Starting at the first line of the entries below, please return exactly each line up to and including the one with "Prospective job seekers"; pictures stay out.

Records for this exercise: Begin

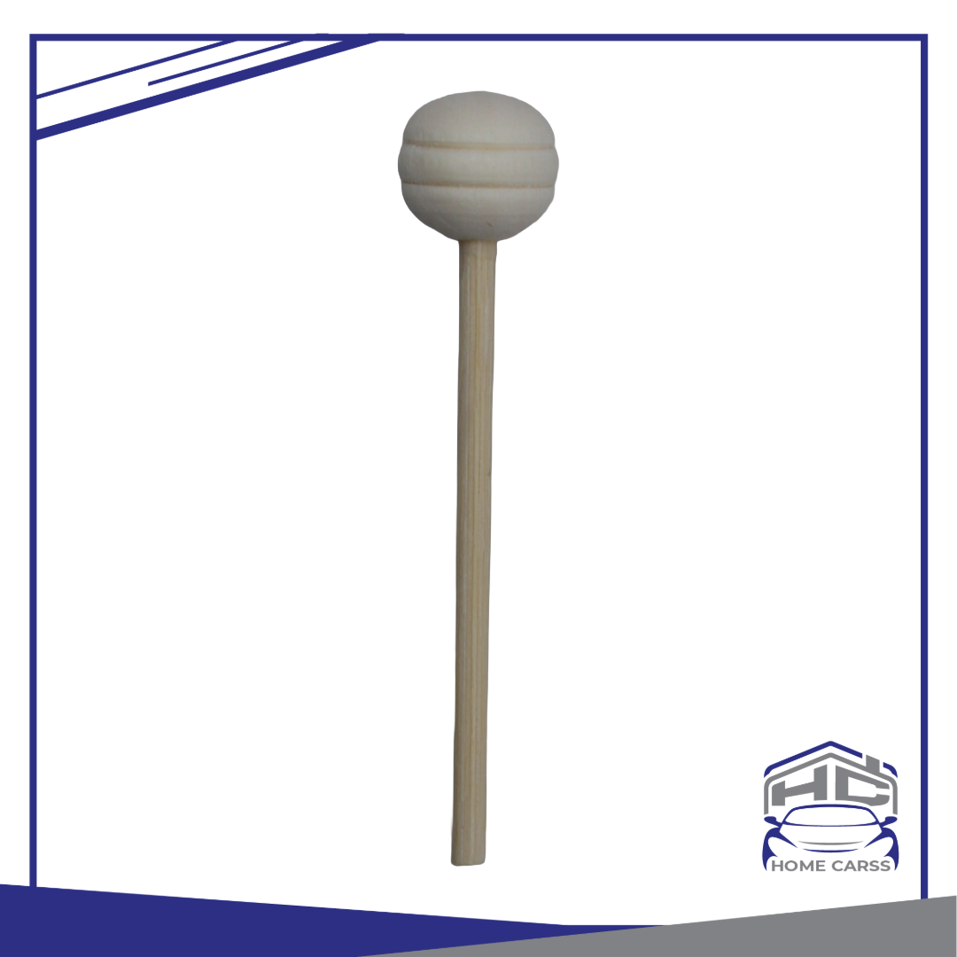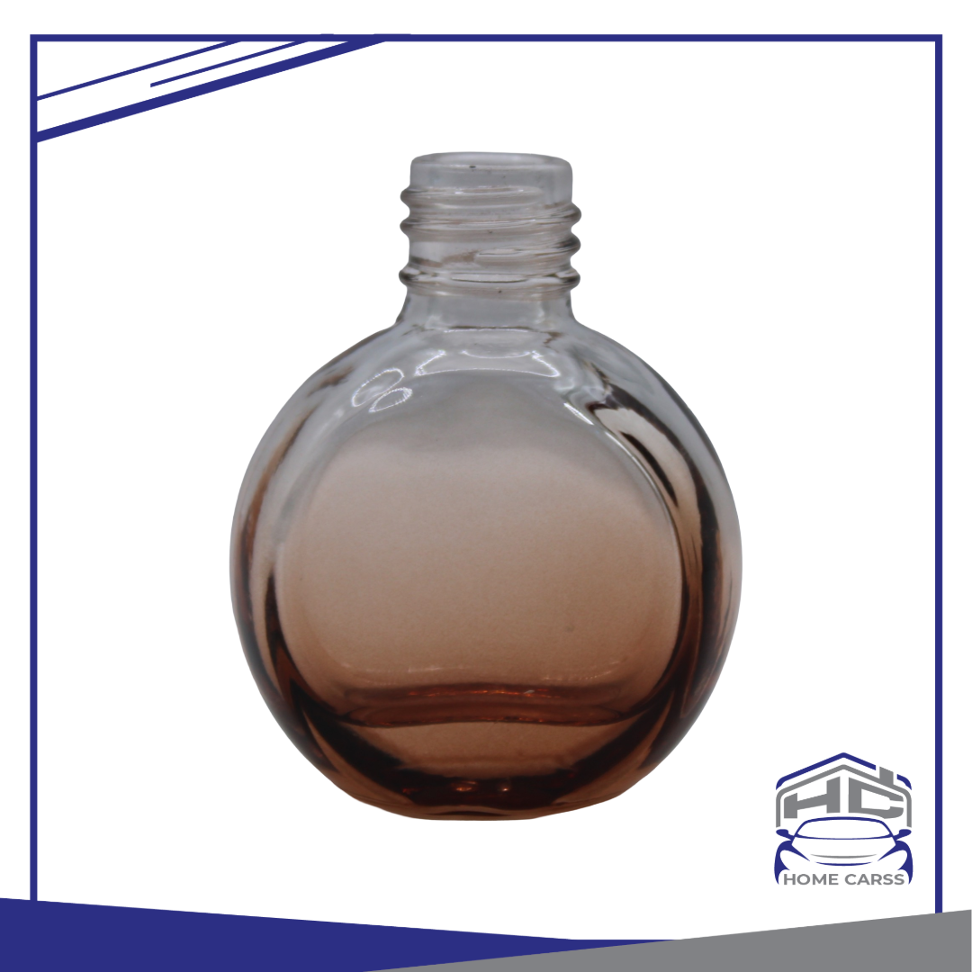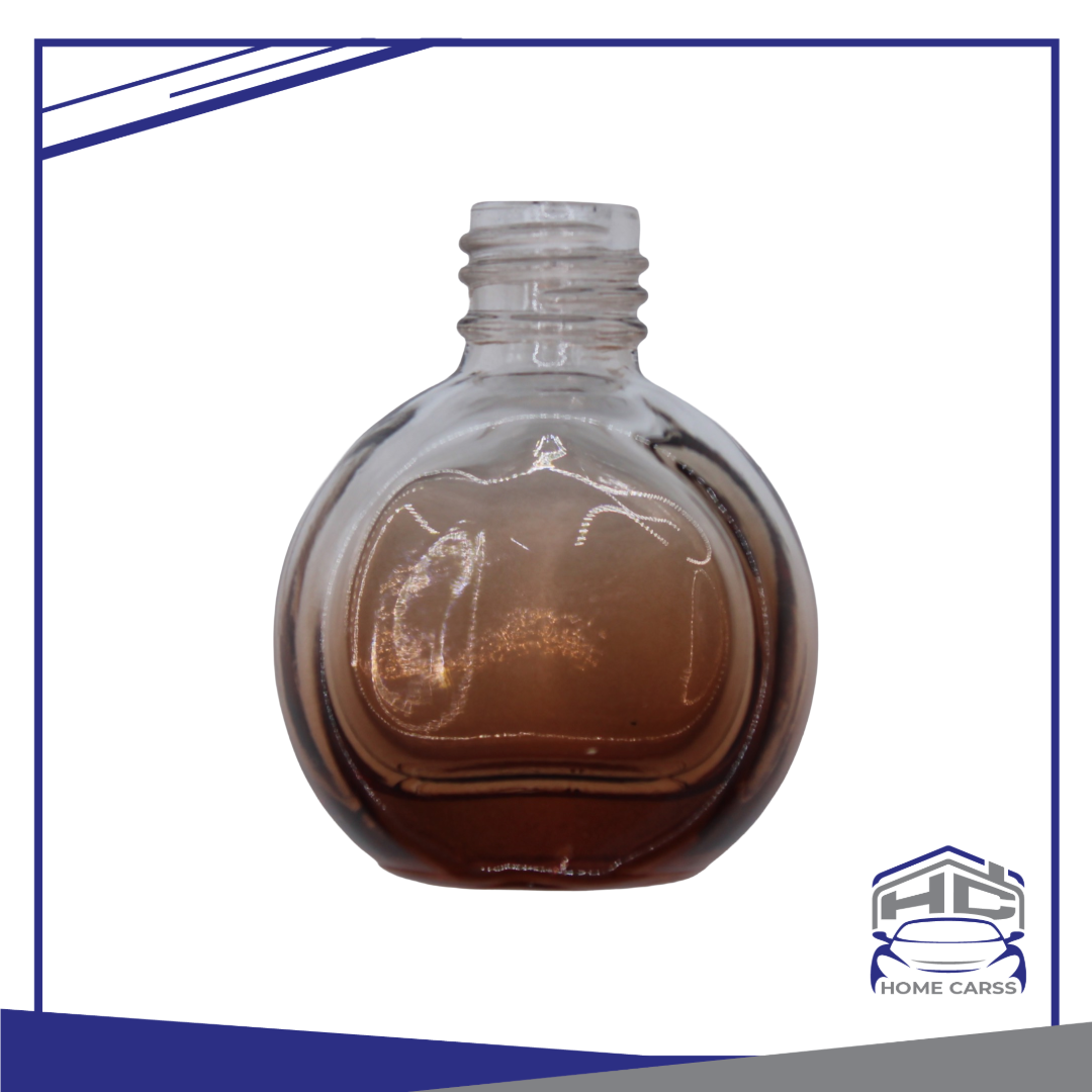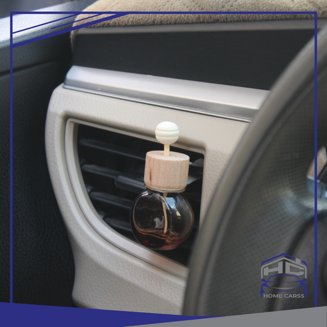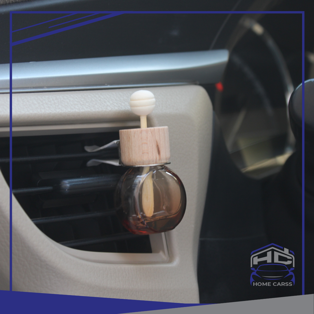 زجاجة صغيرة شفافة ذات لون بني فاتح مع غطاء خشبي دائري ومقبض خشبي صغير في الأعلى. يحتوي على مشبك معدني أبيض لتثبيته على فتحات مكيف الهواء، مما يسمح بانتشار العطر في جميع أنحاء السيارة.
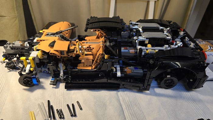 1. Модель всё таки хлипковата. Так как она движется, некоторые элементы попросту отваливаются в движении (типа элементы дизайна) и их придётся сажать на клей. Сказывается большое количество деталей, поэтому узлы сборки на которые приходится высокая нагрузка нестабильны. Если бы про эти узлы знал заранее, то я бы их склеивал. А так приходилось разбирать машинку в обратном порядке, чтобы добраться до проблемного места.
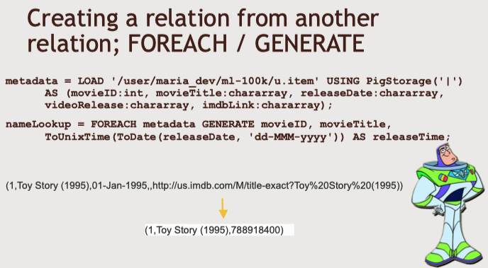 - 'FOREACH/GENERATE'를 사용해 기존 관계성의 데이터를 한 줄씩 가져와 변형해 새 관계성을 생성한다.
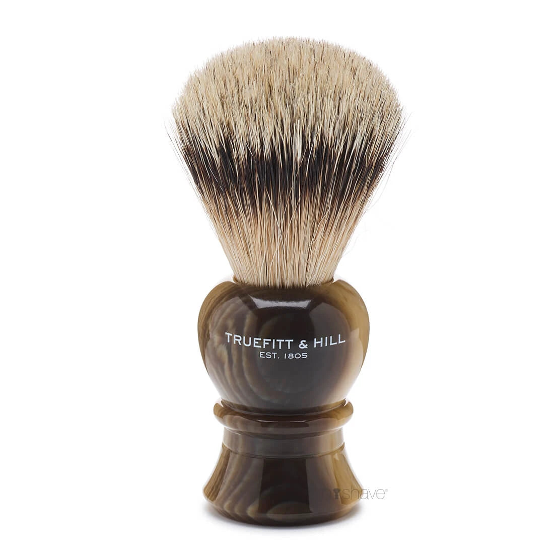 Der Griff ist aus Hornimitat gefertigt, einem Material, das klassische Eleganz mit Langlebigkeit verbindet. Dadurch ist der Rasierpinsel sowohl praktisch in der Anwendung als auch schön in der Präsentation.
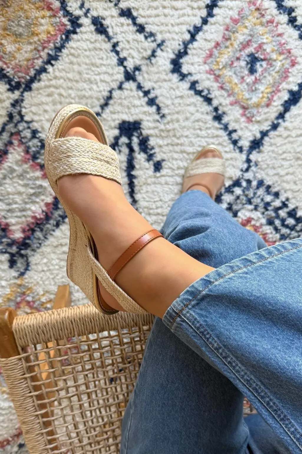 Beige wedgesandaler fra Bloom med vævet overdel og brun ankelrem. Sandalerne har en wedgehæl på 5-8 cm og er fremstillet i syntetisk materiale med spænde-lukning ved anklen.
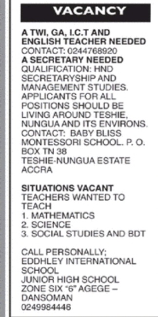Prospective job seekers can find below the advertised jobs in the February 11, 2021, edition of Daily Graphic as published in the paper today.
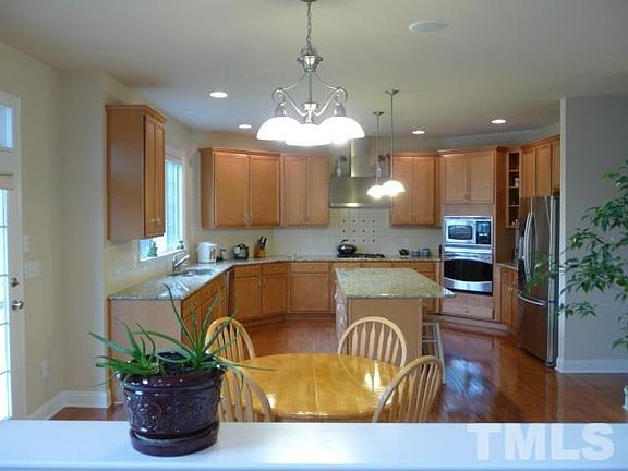 A must-see, like new, all-brick house (expanded Duke Charleston model) by Toll Brothers. In center of the Raleigh-Durham-Chapel Hill area, convenient to shopping, working and schools. Hardwood floor throughout main floor. Large two-story foyer and family room. Spacious kitchen with center island, granite counter tops. Top-down/bottom-up blinds for windows. Security system. Two cable outlets. Audio system with four installed speakers. Ceiling fans. Close to amenities. Access to American Tobacco Trail.
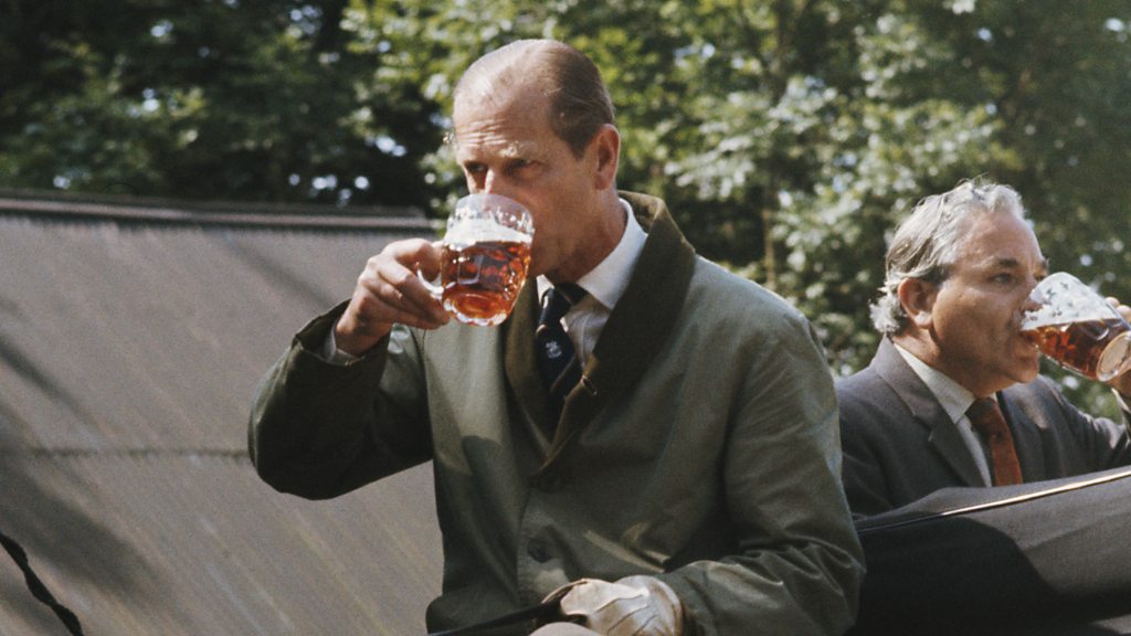 A warrant issued by Queen Elizabeth II's royal household to a producer allows it to display the royal coat of arms, or design, and shows that its goods or services are supplied to the Queen or to a member of the Royal Family. The Windsor and Eton brewery, close to the royal residence at Windsor, is brewing a beer in celebration of the Platinum Jubilee. Will Calvert, one of the people who set up the brewery up in 2009, explains the events that led to his company being awarded a royal warrant. He says that when Prince Philip was alive, he took an interest in the local beers, being known to prefer beer to wine at state occasions, and the moment that Windsor and Eton beer was stocked in the Queen's shop was a big moment for his brewery. Photo: Prince Philip, the Duke of Edinburgh, refreshes himself with a beer during a carriage driving event, circa 1980 (Credit: Getty Images)
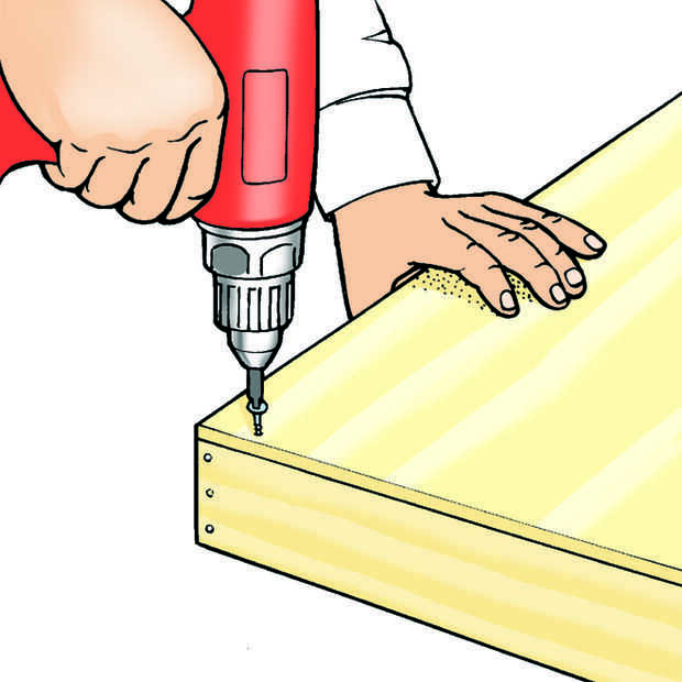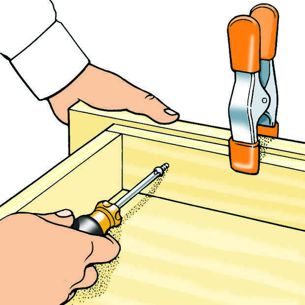 Rip y Álamo corte transversal de madera para la caja del cajón. Montar la caja por pegar y clavar el cajón componentes juntos (Fig. 10). Verifique que la caja es cuadrada comparando frente a mediciones diagonales y deje que el pegamento se establezca.  Cortar un trozo de madera contrachapada de 1/4 de pulgada para el fondo del cajón y atorníllelo a la parte inferior de la caja del cajón con 3/4 no. 6 tornillos espaciados a 6 pulgadas en el centro.
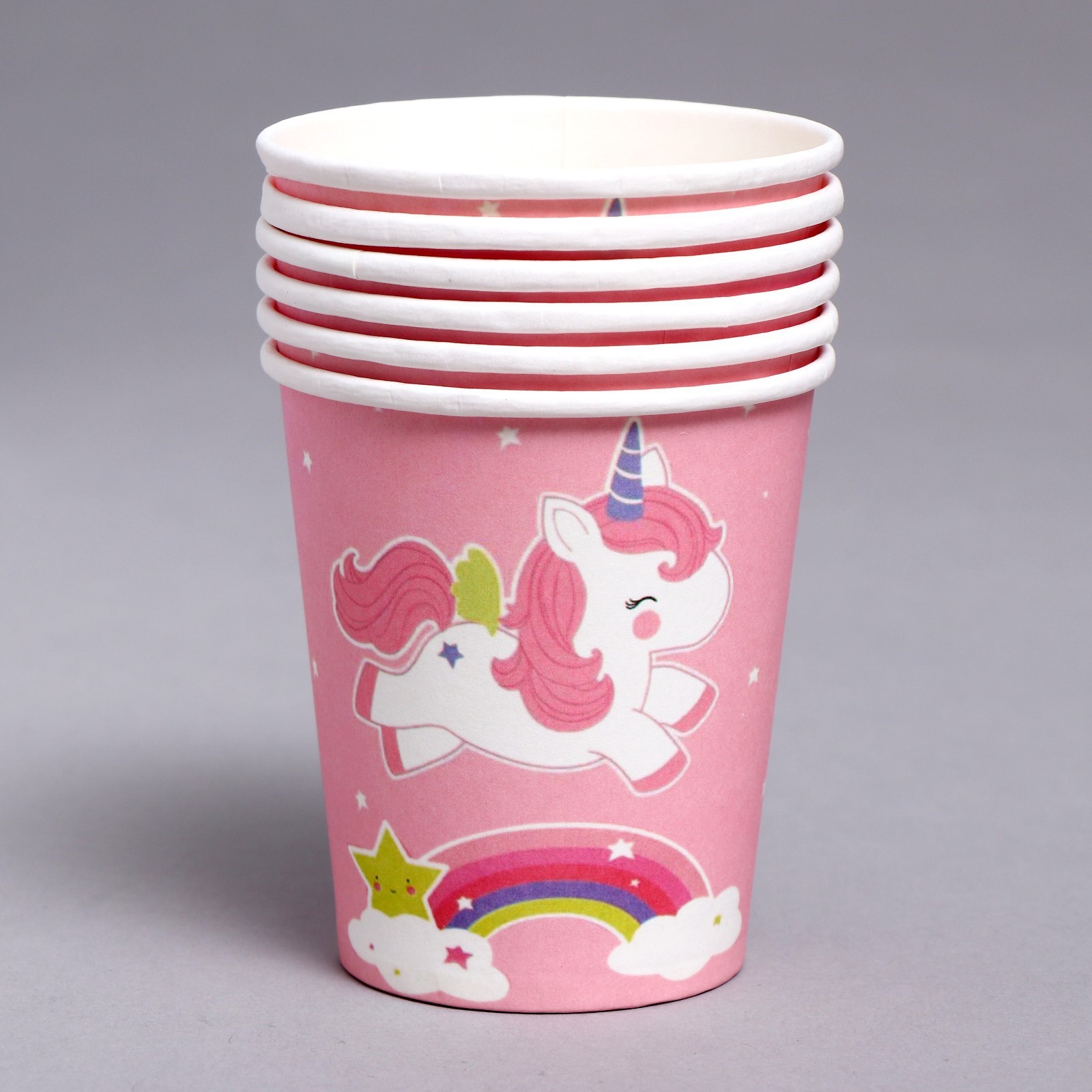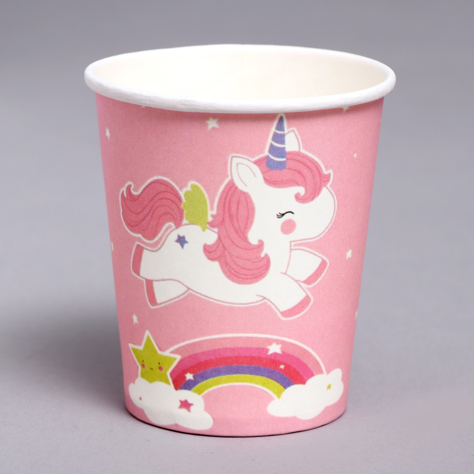 Стаканы бумажные «единорог», в наборе 6 штук. Посуда изготовлена из высококачественной бумаги без добавления поликарбоната, меламина и поливинилхлорида. Такие изделия безопасны, они не «раскисают» при взаимодействиями с продуктами питания. Преимущества бумажной посудыЭкологически безвредна: полностью разлагается в естественной среде. Гигиеничность и безопасность: при изготовлении используется первичный и вторичный картон с ламинацией, крафт-бумага и пищевые красители. Выдерживает высокую и низкую температуру. Сохраняет вкус еды и напитков, не выделяя вредных веществ, при нагреве. Тарелки и стаканы из бумаги приятнее на ощупь, чем аналогичная посуда из пластика. Такую посуду не надо мыть и невозможно разбить. Где применяется бумажная посуда:детские заведения и мероприятия, организация питание на свежем воздухе, точки продажи фастфуда, летние кафе и бистро, вендинг и офисы, доставка обедов. Цвет: Розовый Диаметр, см: 7.5 Количество слоёв: 1 В наборе, шт.: 6 Объём, мл: 250 Материал: Картон Материал: Бумага Вид: Стакан  развернуть описание ▼

Records for this exercise: End

Answer to this task:
 زجاجة صغيرة شفافة ذات لون بني فاتح مع غطاء خشبي دائري ومقبض خشبي صغير في الأعلى. يحتوي على مشبك معدني أبيض لتثبيته على فتحات مكيف الهواء، مما يسمح بانتشار العطر في جميع أنحاء السيارة.
 1. Модель всё таки хлипковата. Так как она движется, некоторые элементы попросту отваливаются в движении (типа элементы дизайна) и их придётся сажать на клей. Сказывается большое количество деталей, поэтому узлы сборки на которые приходится высокая нагрузка нестабильны. Если бы про эти узлы знал заранее, то я бы их склеивал. А так приходилось разбирать машинку в обратном порядке, чтобы добраться до проблемного места.
 - 'FOREACH/GENERATE'를 사용해 기존 관계성의 데이터를 한 줄씩 가져와 변형해 새 관계성을 생성한다.
 Der Griff ist aus Hornimitat gefertigt, einem Material, das klassische Eleganz mit Langlebigkeit verbindet. Dadurch ist der Rasierpinsel sowohl praktisch in der Anwendung als auch schön in der Präsentation.
 Beige wedgesandaler fra Bloom med vævet overdel og brun ankelrem. Sandalerne har en wedgehæl på 5-8 cm og er fremstillet i syntetisk materiale med spænde-lukning ved anklen.
Prospective job seekers can find below the advertised jobs in the February 11, 2021, edition of Daily Graphic as published in the paper today.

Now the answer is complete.